**Exercise description**. Could the records below please be retyped exactly, with their pictures left out?

**Given information**.

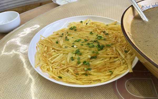 以前我們經常看到的土豆絲,都是直接炒,比如醋溜土豆絲,還有酸辣土豆絲,但是把土豆絲拿來煎,我還是第一次看見,這個做法,其實還是不錯的,我覺得大傢有機會也可以在傢裡嘗試一下,土豆軟糯鮮香,還帶著一絲的脆感。
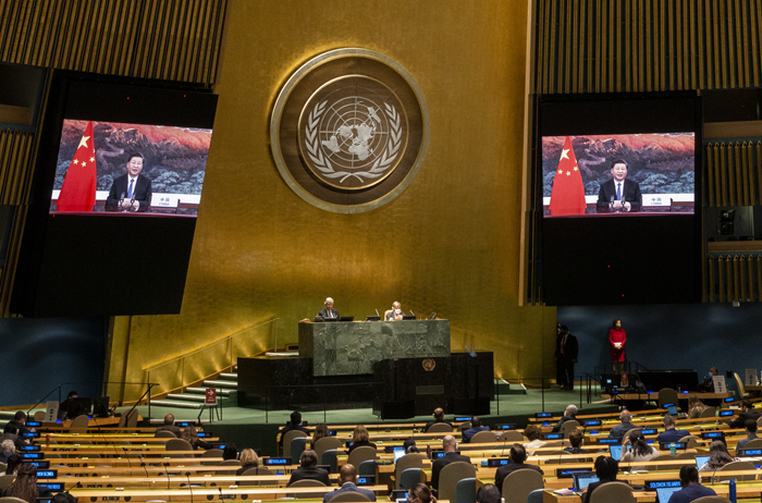 9月22日,國家主席習(xí)近平在第七十五屆聯(lián)合國大會(huì)一般性辯論上發(fā)表重要講話。新華社發(fā)(聯(lián)合國供圖/埃瑟金德爾·德貝貝 攝)
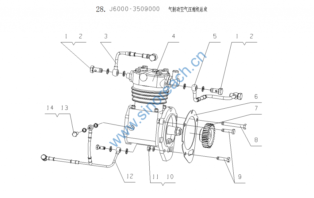 J6000–3509000 气制动空气压缩机总成 Pneumatic Air Compressor Assembly
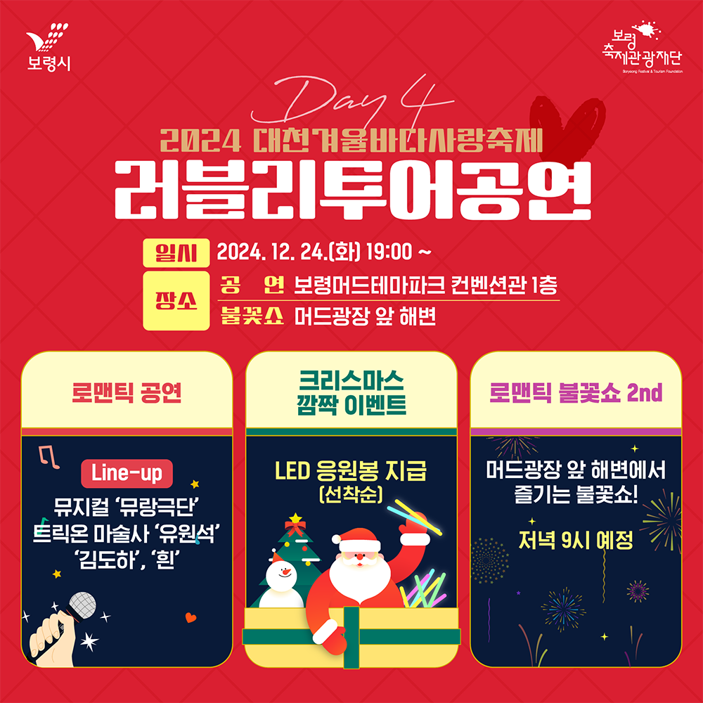 일시 : 2024. 12. 24.(화) 19:00 ~ 장소 : 보령머드테마파크 컨벤션관 1층
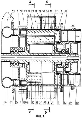 Роторный двигатель (фиг.1) содержит корпус 1 и вращающийся в нем ротор 2. Наружная окружная поверхность внешней стенки 3 ротора 2 герметично прилегает к внутренней окружной поверхности корпуса 1. Герметичность прилегания указанных поверхностей обеспечивается минимальными зазорами и бесконтактными уплотнениями 4, установленными в корпусе 1. На корпусе 1 равномерно по окружности установлены шестнадцать цилиндрических рабочих камер, последовательно пронумерованных с 5 по 20 (фиг.2, 3). Каждая рабочая камера имеет по одному окну 21, выполненному по всей длине рабочей камеры и совмещенному с соответствующим окном в корпусе 1. Внутри каждой рабочей камеры (фиг.1) установлена перегородка 22, разделяющая рабочую камеру на основную 23 и дополнительную 24 части. Основная часть 23 рабочей камеры предназначена для осуществления термодинамического цикла двигателя внутреннего сгорания, а дополнительная часть 24 рабочей камеры предназначена для заполнения дополнительным воздухом, не участвующем в процессе сгорания топлива. Внутри ротора 2 (фиг.2, 3, 4) размещен воздушный канал 25 для подвода воздуха к рабочим камерам. Входное окно 26 (фиг.4) воздушного канала 25 расположено на радиальной поверхности ротора 2, а выходное окно 27 воздушного канала 25 расположено на наружной окружной поверхности ротора 2. Внутри ротора 2 размещен выпускной канал 28 (фиг.2, 3, 4) для отвода рабочего тела из рабочих камер в процессе их продувки и заполнения воздухом. Входное окно 29 (фиг.4) выпускного канала 28 расположено на наружной окружной поверхности ротора 2, а выходное окно 30 выпускного канала 28 расположено на радиальной поверхности ротора 2. Выходное окно 27 воздушного канала 25 и входное окно 29 выпускного канала 28, расположенные на наружной окружной поверхности ротора 2, имеют участки одновременного совмещения с окнами 21 рабочих камер для осуществления продувки и заполнения рабочих камер воздухом. Выходное окно 27 и входное окно 29 (фиг.4) одновременно совмещены с окнами 21 рабочих камер 5, 6, 7. Внутри ротора 2 установлен рабочий канал 31 (фиг.2, 3) для выпуска горячего газа и дополнительного воздуха из рабочих камер и преобразования их избыточной энергии в крутящий момент на роторе 2. Входное окно 32 рабочего канала 31 расположено на наружной окружной поверхности ротора 2, а выходное окно 33 рабочего канала 31 расположено на радиальной поверхности ротора 2 (фиг.3). Для увеличения крутящего момента на роторе 2 в рабочем канале 31 установлены рабочие лопатки 34, 35, 36. В роторе 2 установлены перепускные каналы 37, 38, 39, 40 (фиг.2), каждый из которых имеет одно впускное и одно выпускное окна на наружной окружной поверхности ротора 2 и предназначен для соединения между собой при вращении ротора 2 основных частей 23 рабочих камер, в которых процесс сгорания топлива завершился, и основных частей 23 рабочих камер, заполненных воздухом, для осуществления процесса сжатия воздуха перепускаемым горячим газом. Входное окно 41 (фиг.2) перепускного канала 37 совмещено с окном рабочей камеры 13, а выходное окно 42 – с окном рабочей камеры 11; входное окно 43 перепускного канала 38 совмещено с окном рабочей камеры 14, а выходное окно 44 – с окном рабочей камеры 10; входное окно 45 перепускного канала 39 совмещено с окном рабочей камеры 15, а выходное окно 46 – с окном рабочей камеры 9; входное окно 47 перепускного канала 40 совмещено с окном
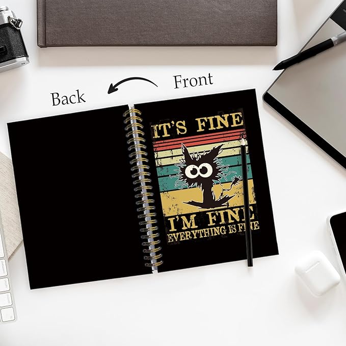 It's Fine I'm Fine Everything is Fine Funny Notebook, Black Cat Notebook Journal, Funny Journals for Women, Cat Lover Gifts for Women, Cat Mom Gifts, Cat Office Supplies, 5.5x8.3 Inch

**Answer to the exercise**.
 以前我們經常看到的土豆絲,都是直接炒,比如醋溜土豆絲,還有酸辣土豆絲,但是把土豆絲拿來煎,我還是第一次看見,這個做法,其實還是不錯的,我覺得大傢有機會也可以在傢裡嘗試一下,土豆軟糯鮮香,還帶著一絲的脆感。
 9月22日,國家主席習(xí)近平在第七十五屆聯(lián)合國大會(huì)一般性辯論上發(fā)表重要講話。新華社發(fā)(聯(lián)合國供圖/埃瑟金德爾·德貝貝 攝)
 J6000–3509000 气制动空气压缩机总成 Pneumatic Air Compressor Assembly
 일시 : 2024. 12. 24.(화) 19:00 ~ 장소 : 보령머드테마파크 컨벤션관 1층
 Роторный двигатель (фиг.1) содержит корпус 1 и вращающийся в нем ротор 2. Наружная окружная поверхность внешней стенки 3 ротора 2 герметично прилегает к внутренней окружной поверхности корпуса 1. Герметичность прилегания указанных поверхностей обеспечивается минимальными зазорами и бесконтактными уплотнениями 4, установленными в корпусе 1. На корпусе 1 равномерно по окружности установлены шестнадцать цилиндрических рабочих камер, последовательно пронумерованных с 5 по 20 (фиг.2, 3). Каждая рабочая камера имеет по одному окну 21, выполненному по всей длине рабочей камеры и совмещенному с соответствующим окном в корпусе 1. Внутри каждой рабочей камеры (фиг.1) установлена перегородка 22, разделяющая рабочую камеру на основную 23 и дополнительную 24 части. Основная часть 23 рабочей камеры предназначена для осуществления термодинамического цикла двигателя внутреннего сгорания, а дополнительная часть 24 рабочей камеры предназначена для заполнения дополнительным воздухом, не участвующем в процессе сгорания топлива. Внутри ротора 2 (фиг.2, 3, 4) размещен воздушный канал 25 для подвода воздуха к рабочим камерам. Входное окно 26 (фиг.4) воздушного канала 25 расположено на радиальной поверхности ротора 2, а выходное окно 27 воздушного канала 25 расположено на наружной окружной поверхности ротора 2. Внутри ротора 2 размещен выпускной канал 28 (фиг.2, 3, 4) для отвода рабочего тела из рабочих камер в процессе их продувки и заполнения воздухом. Входное окно 29 (фиг.4) выпускного канала 28 расположено на наружной окружной поверхности ротора 2, а выходное окно 30 выпускного канала 28 расположено на радиальной поверхности ротора 2. Выходное окно 27 воздушного канала 25 и входное окно 29 выпускного канала 28, расположенные на наружной окружной поверхности ротора 2, имеют участки одновременного совмещения с окнами 21 рабочих камер для осуществления продувки и заполнения рабочих камер воздухом. Выходное окно 27 и входное окно 29 (фиг.4) одновременно совмещены с окнами 21 рабочих камер 5, 6, 7. Внутри ротора 2 установлен рабочий канал 31 (фиг.2, 3) для выпуска горячего газа и дополнительного воздуха из рабочих камер и преобразования их избыточной энергии в крутящий момент на роторе 2. Входное окно 32 рабочего канала 31 расположено на наружной окружной поверхности ротора 2, а выходное окно 33 рабочего канала 31 расположено на радиальной поверхности ротора 2 (фиг.3). Для увеличения крутящего момента на роторе 2 в рабочем канале 31 установлены рабочие лопатки 34, 35, 36. В роторе 2 установлены перепускные каналы 37, 38, 39, 40 (фиг.2), каждый из которых имеет одно впускное и одно выпускное окна на наружной окружной поверхности ротора 2 и предназначен для соединения между собой при вращении ротора 2 основных частей 23 рабочих камер, в которых процесс сгорания топлива завершился, и основных частей 23 рабочих камер, заполненных воздухом, для осуществления процесса сжатия воздуха перепускаемым горячим газом. Входное окно 41 (фиг.2) перепускного канала 37 совмещено с окном рабочей камеры 13, а выходное окно 42 – с окном рабочей камеры 11; входное окно 43 перепускного канала 38 совмещено с окном рабочей камеры 14, а выходное окно 44 – с окном рабочей камеры 10; входное окно 45 перепускного канала 39 совмещено с окном рабочей камеры 15, а выходное окно 46 – с окном рабочей камеры 9; входное окно 47 перепускного канала 40 совмещено с окном
 It's Fine I'm Fine Everything is Fine Funny Notebook, Black Cat Notebook Journal, Funny Journals for Women, Cat Lover Gifts for Women, Cat Mom Gifts, Cat Office Supplies, 5.5x8.3 Inch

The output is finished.